Chapter 1

Day 1

Day one is the Day for co-located events aka CloudNativeCon. I spent most of the day attending the Platform Engineering Day - as one might have guessed it’s all about platform engineering.

Everything started with badge pickup - a very smooth experience (but that may be related to me showing up an hour or so too early).

Talk recommendations

  • Beyond Platform Thinking…
  • Hitchhiker’s Guide to …
  • To K8S and beyond…

Subsections of Day 1

Opening Keynotes

The first “event” of the day was - as always - the opening keynote. Today presented by Red Hat and Syntasso.

Sometimes lipstick is exactly what a pig needs

Watch talk on YouTube

By VMware (of all people) - kinda funny that they chose this title with the whole Broadcom fun.
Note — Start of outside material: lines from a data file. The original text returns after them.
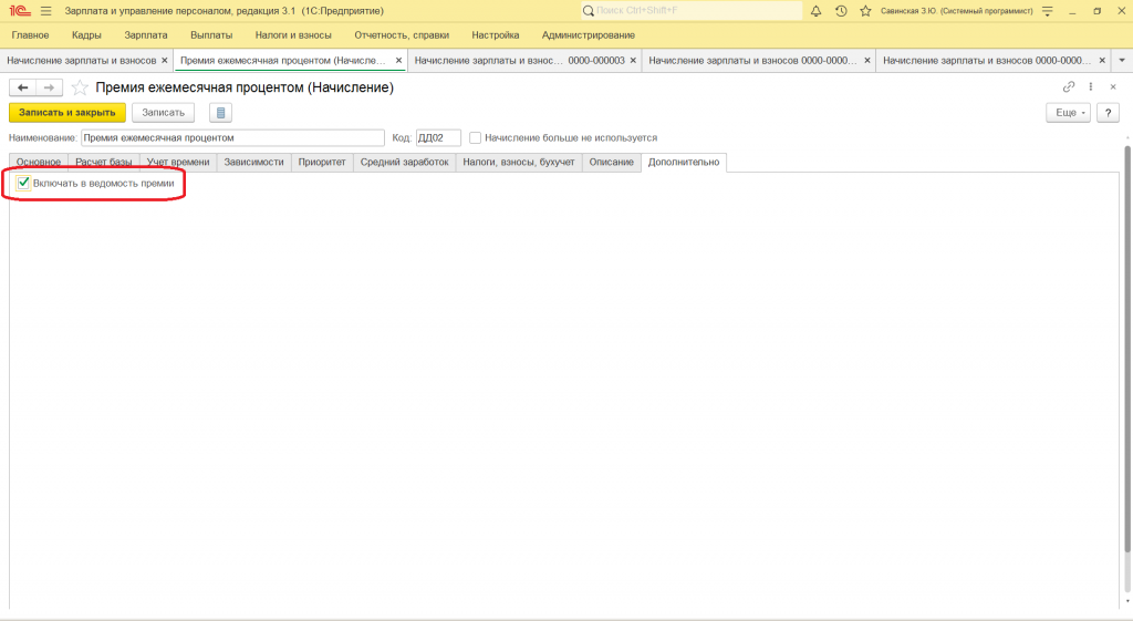 - назначаем этот доп реквизит нужным начислениям или одному начислению
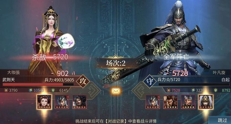 张良的眩晕搭配武则天的一技能法术,出手即控,敌方武将难以反击,随后凭借智谋技能持续输出,轻松将其击杀。
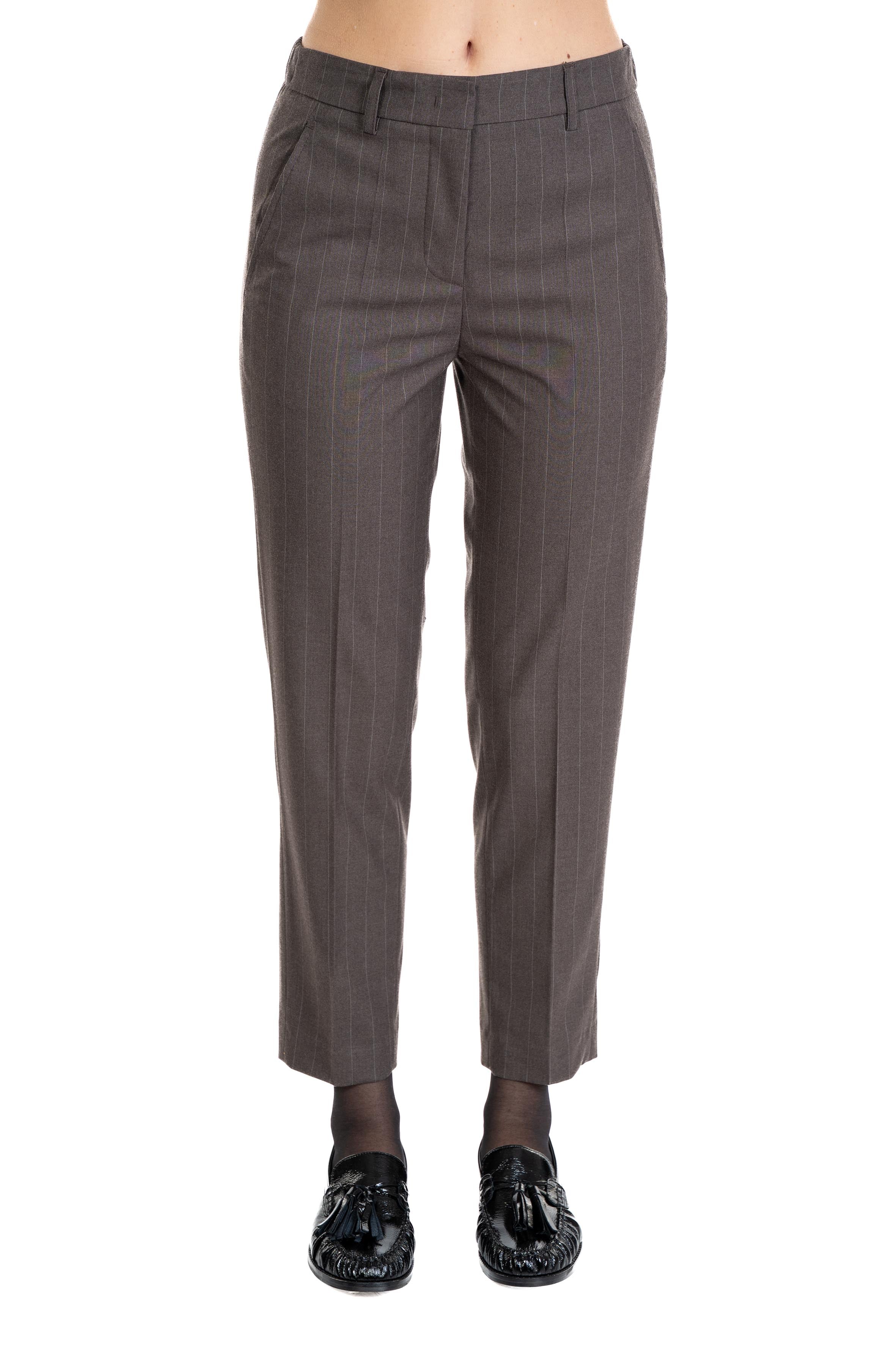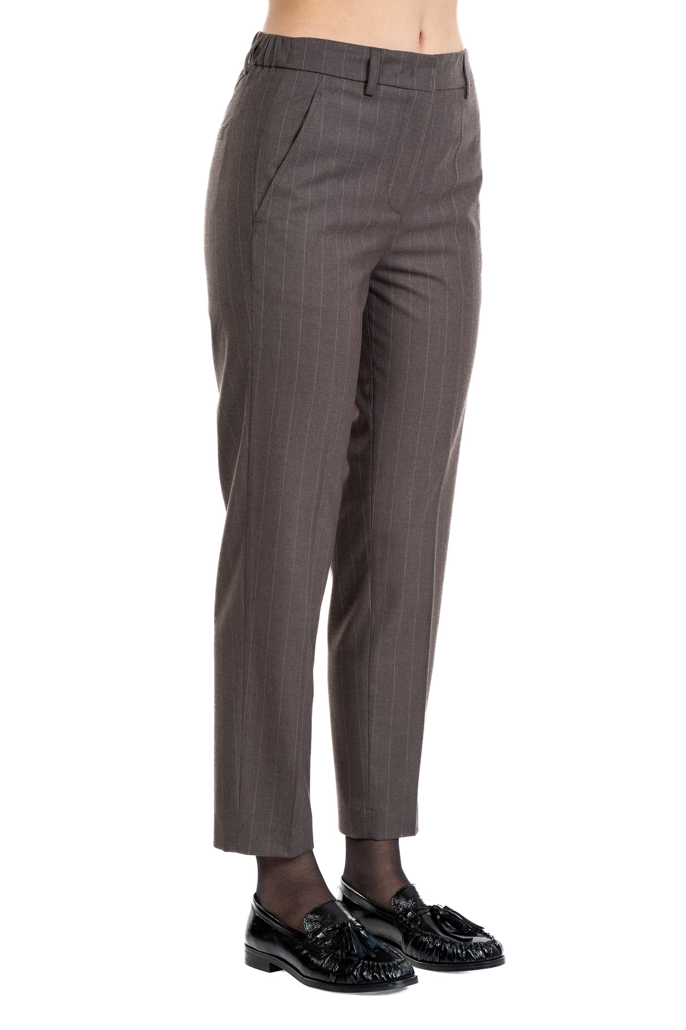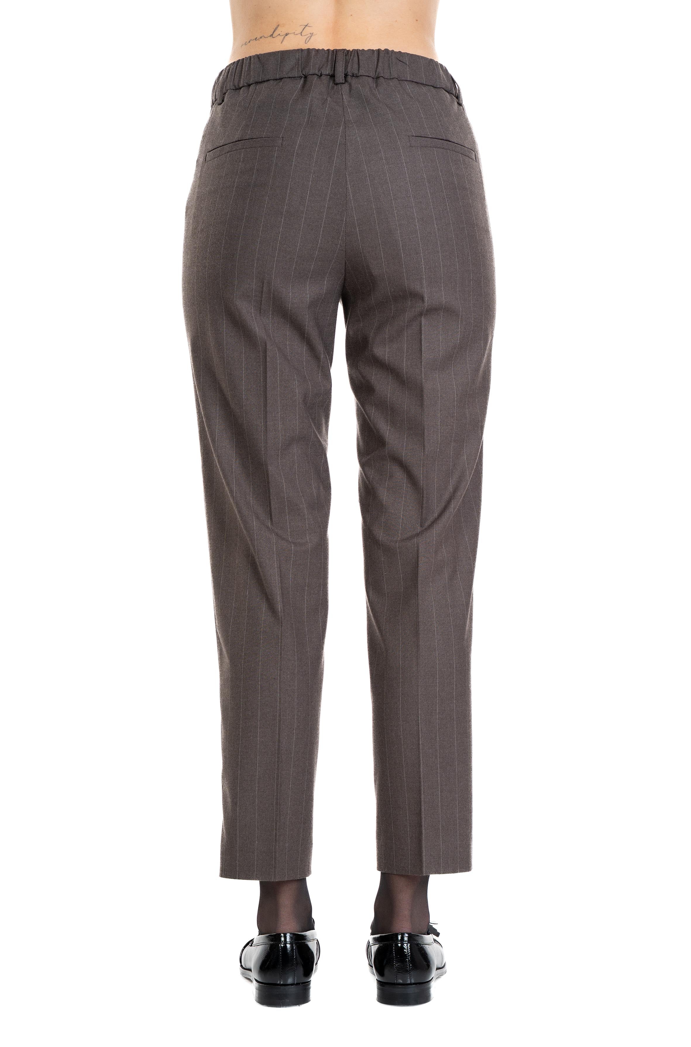 Tailleur in misto lana gessato toupe di ALICE MILLER. Giacca monopetto, chiusura due bottoni, due tasche con patta e una a filo sul davanti, collo a lancia. Pantalone dritto, chiusura con gancio e zip a scomparsa, elastico sul retro, vita con passanti, tasche a filo laterali.

The main topic of this talk is: What interface do we choose for what capability.

Personas

  • Experts: Kubernetes, DB engineer
  • Users: Employees that just want to do stuff
  • Platform engineers: Connect Users to Services by Experts

Goal

  • Create Interfaces: Connect Users to Services
  • Problem: Many types of Interfaces (SaaS, GUI, CLI) with different capabilities

Dimensions

These are the dimensions of interface design proposed in the talk

  • Autonomy: external dependency (low) <-> self-service (high)
    • low: Ticket system -> But sometimes good for getting an expert
    • high: Portal -> Nice, but sometimes we just need a human contact
  • Contextual distance: stay in the same tool (low) <-> switch tools (high)
    • low: IDE plugin -> High potential friction if stuff goes wrong/complex (context switch needed)
    • high: Wiki or ticketing system
  • Capability skill: anyone can do it (low) <-> Made for experts (high)
    • low: transparent sidecar (e.g. vulnerability scanner)
    • high: CLI
  • Interface skill: anyone can do it (low) <-> needs specialized interface skills (high)
    • low: Documentation in web aka wiki-style
    • high: Code templates (a sample helm values.yaml or raw terraform provider)

Recap

  • You can use multiple interfaces for one capability
  • APIs (proverbial pig) are the most important interface b/c it can provide the baseline for all other interfaces
  • The beautification (lipstick) of the API through other interfaces makes users happy

Beyond Platform Thinking at Ritchie Brothers - Build Things No One Expects, in a Place No One Expect

Watch talk on YouTube

The story of how Thoughtworks buit YY at Ritchie Bros (RB). Presented by the implementers at Thoughtworks (TW).

Backgroud

  • RB is a auctioneer in the field of heavy machinery
  • Problem: They are old(ish) and own a bunch of other companies -> Duplicate Solutions
  • Goals
    • Get rid of duplicates
    • Scale without the need of more personel

Platform creation principles

  • Platform is a product
  • Building is a exercise in software eng. not operations
  • Reduce dev friction

Platform overview

  • Platform provides selfservices
  • Teams manage everything inside their namespace themselfes
  • Multiple global locations that can be opted-in and -out

Principles and Solutions

Compliance at source of change

Developers own their pipelines

  • Dev teams are responsible for scanning, etc
  • Platform verifies thath the compliance scans have been done (through admission control)
  • Examples:
    • OPA + Gatekeeper for admission -> Teams use snyk for scanning and admission checks the scan results
    • ira as admission hook for approval -> PO approves in Jira, admission only acceps if webhook is approved

Platform Operators

  • Implemented: S3 Operator, IAM Operator, DynamoDB Operatopr
  • Reasons:
    • Devs should not need access to AWS/GCP directly
    • Teams have full control while not needing to submit tickets or write terraform
  • Goals
    • Abstract specific details away
    • Make the results cloud-portable (AWS, GCP, Azure)
    • Still retain developer transparency
  • Example: DynamoDB Database
    1. User: creates dynamo CR and ServiceRole CR
    2. K8S: Create Pods, Secrets, Configs and Serviceaccount (related to a IAM Role)
    3. User: Creates S3 Bucket CR and assignes ServiceRole
    4. K8s: Injects secrets and configs where needed

Observability

  • Tool: Honeycomb
  • Metrics: OpenTelemetry
    • Operator reconcile steps are exposed as traces

Q&A

  • Your teams are pretty autonomous -> What to do with more classic teams: Over a multi-year journey every team settles on the ownership and self-service approach
  • How teams get access to stages: They just get themselves a stage namespace, attach to ingress and have fun (admission handles the rest)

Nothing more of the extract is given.